**TASK DIRECTIONS**
All lines from the one holding "Надпись Скорбим на" to the end of the listing are to be output exactly, both ends included, with any pictures left out.

**RECORDS FOR THE EXERCISE**
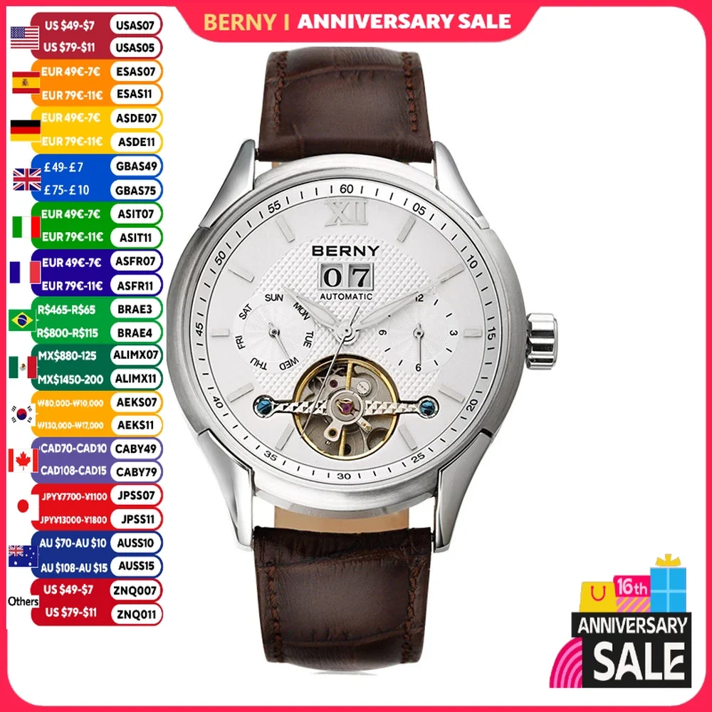 BERNY Automatic Watch for Men Auto Self-wind Mechanical Watches Dat...
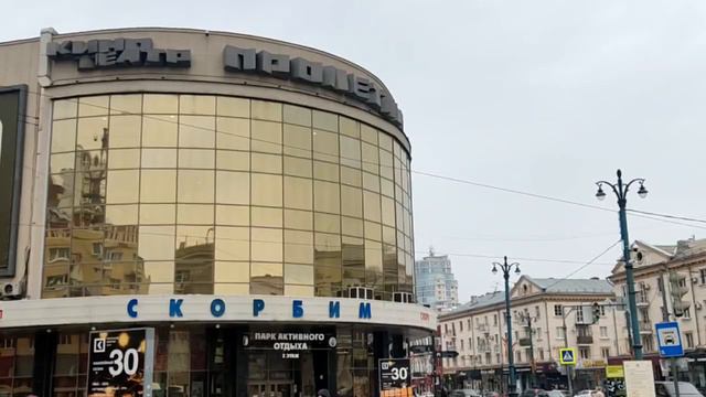 Надпись Скорбим на кинотеатре Пролетарий в Воронеже
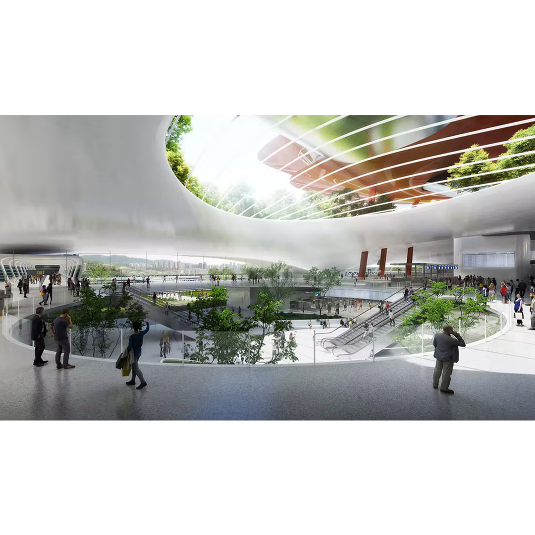 El sitio del proyecto es actualmente una terminal de carga de 66.000 metros cuadrados ubicada en la nueva área de Liangjiang de Chongqing. Con acceso al río Yangtze, el esquema de MAD Architects verá el desarrollo de una terminal internacional de cruceros y un complejo urbano de 65 000 metros cuadrados, que comprende un puerto de cruceros de 15 000 metros cuadrados y 50 000 metros cuadrados de espacio comercial.
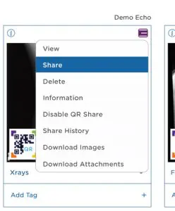 Select “Share” from the menu located at the top right corner of a study on the dashboard or anywhere the icon is displayed. Images can be shared with colleagues and patients, with or without a mymedicalimages® account.
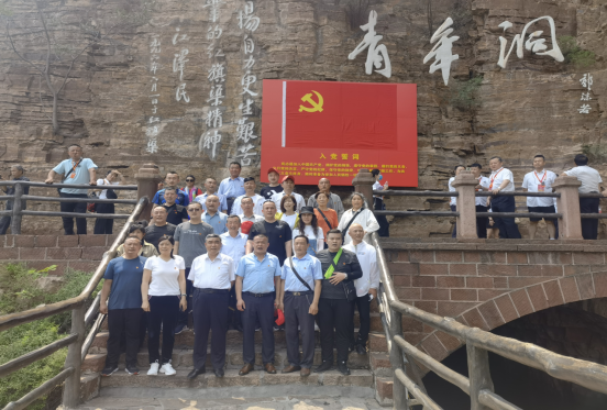 第二站黨員們來(lái)到了舉世聞名的紅旗渠,沿著(zhù)依山而建的渠道參觀(guān)了紅旗渠總干渠的咽喉工程——青年洞,走在緊貼著(zhù)山崖凌空而建的棧道上,看著(zhù)穿山而過(guò)的紅旗渠水,深刻感受到“愚公奮起十春秋,引來(lái)漳河潤田禾”的艱辛和不易,實(shí)地見(jiàn)證了紅旗渠工程的偉大。在紅旗渠紀念館內,全體黨員仔細聆聽(tīng)講解員精彩生動(dòng)的講解,大量珍貴的圖片和實(shí)物,為大家全方位再現了林州人民建造人工天河時(shí)不畏艱險,頑強拼搏,撼天動(dòng)地的恢弘場(chǎng)景,那一刻,大家無(wú)不為“自力更生、艱苦創(chuàng )業(yè)、團結協(xié)作、無(wú)私奉獻”的紅旗渠精神所震撼。
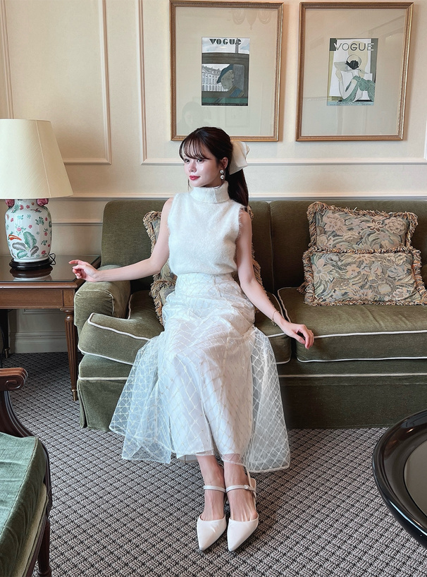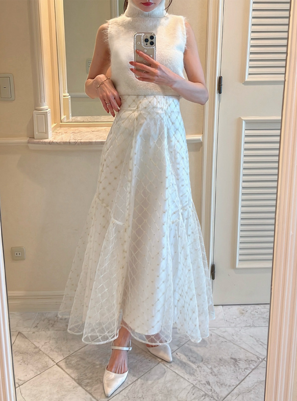 柔軟的網紗加上細緻的金色格紋與點點亮片
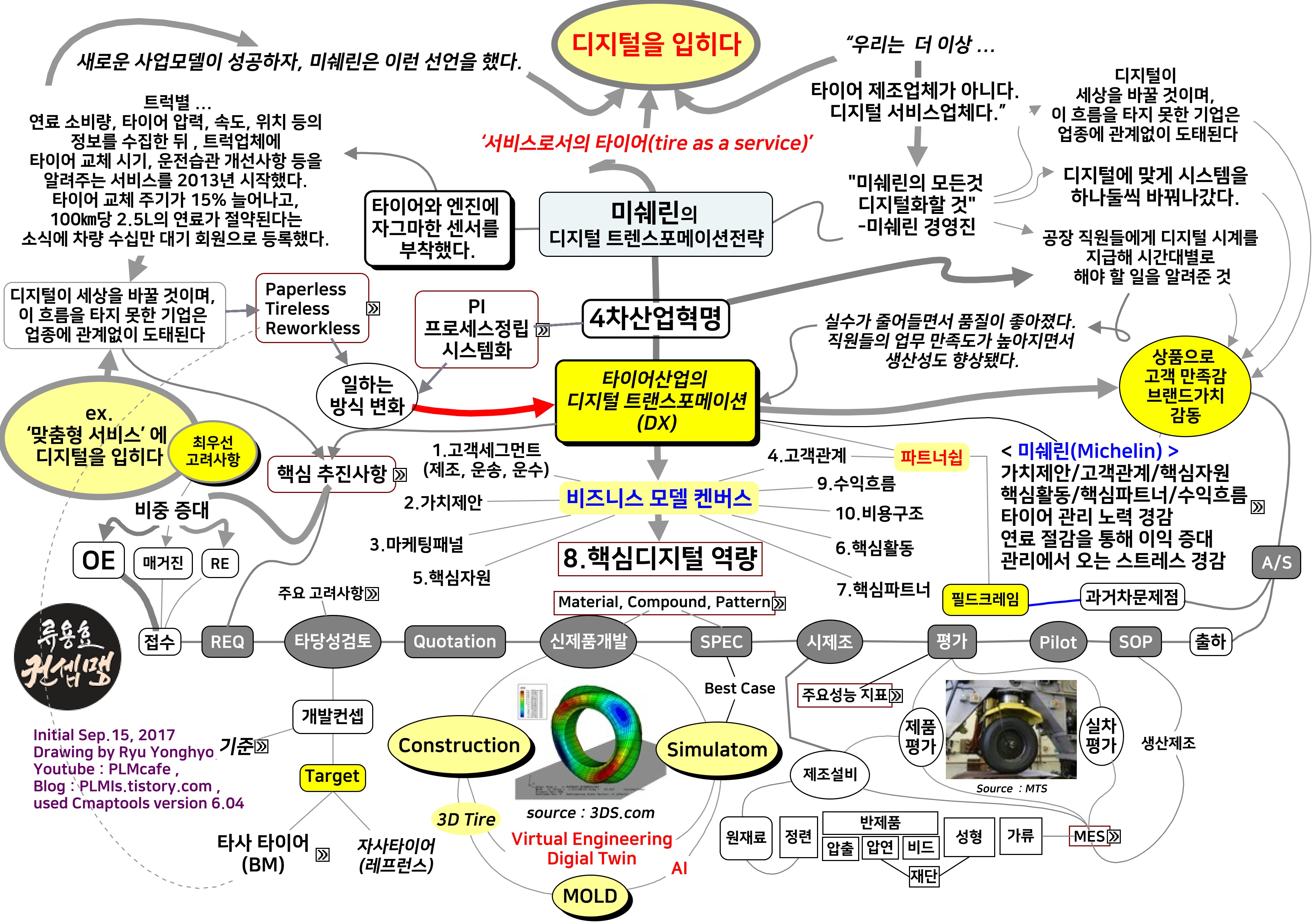 미쉐린은 제품 개발 프로세스에서 스펙 검토에 시뮬레이션 과정을 거치도록 업무를 프로세스화하였다고 한다. 하나의 타이어 스펙을 결정하는 과정에서 수 십번 반복되면서 생성된 데이터는 고스란히 빅데이터 분석, AI 알고리즘에 의해 설계인자와 성능인자간의 연관관계를 통해서 샘플 제작에 반영된다.

**EXERCISE RESPONSE**
 Надпись Скорбим на кинотеатре Пролетарий в Воронеже
 El sitio del proyecto es actualmente una terminal de carga de 66.000 metros cuadrados ubicada en la nueva área de Liangjiang de Chongqing. Con acceso al río Yangtze, el esquema de MAD Architects verá el desarrollo de una terminal internacional de cruceros y un complejo urbano de 65 000 metros cuadrados, que comprende un puerto de cruceros de 15 000 metros cuadrados y 50 000 metros cuadrados de espacio comercial.
 Select “Share” from the menu located at the top right corner of a study on the dashboard or anywhere the icon is displayed. Images can be shared with colleagues and patients, with or without a mymedicalimages® account.
 第二站黨員們來(lái)到了舉世聞名的紅旗渠,沿著(zhù)依山而建的渠道參觀(guān)了紅旗渠總干渠的咽喉工程——青年洞,走在緊貼著(zhù)山崖凌空而建的棧道上,看著(zhù)穿山而過(guò)的紅旗渠水,深刻感受到“愚公奮起十春秋,引來(lái)漳河潤田禾”的艱辛和不易,實(shí)地見(jiàn)證了紅旗渠工程的偉大。在紅旗渠紀念館內,全體黨員仔細聆聽(tīng)講解員精彩生動(dòng)的講解,大量珍貴的圖片和實(shí)物,為大家全方位再現了林州人民建造人工天河時(shí)不畏艱險,頑強拼搏,撼天動(dòng)地的恢弘場(chǎng)景,那一刻,大家無(wú)不為“自力更生、艱苦創(chuàng )業(yè)、團結協(xié)作、無(wú)私奉獻”的紅旗渠精神所震撼。
 柔軟的網紗加上細緻的金色格紋與點點亮片
 미쉐린은 제품 개발 프로세스에서 스펙 검토에 시뮬레이션 과정을 거치도록 업무를 프로세스화하였다고 한다. 하나의 타이어 스펙을 결정하는 과정에서 수 십번 반복되면서 생성된 데이터는 고스란히 빅데이터 분석, AI 알고리즘에 의해 설계인자와 성능인자간의 연관관계를 통해서 샘플 제작에 반영된다.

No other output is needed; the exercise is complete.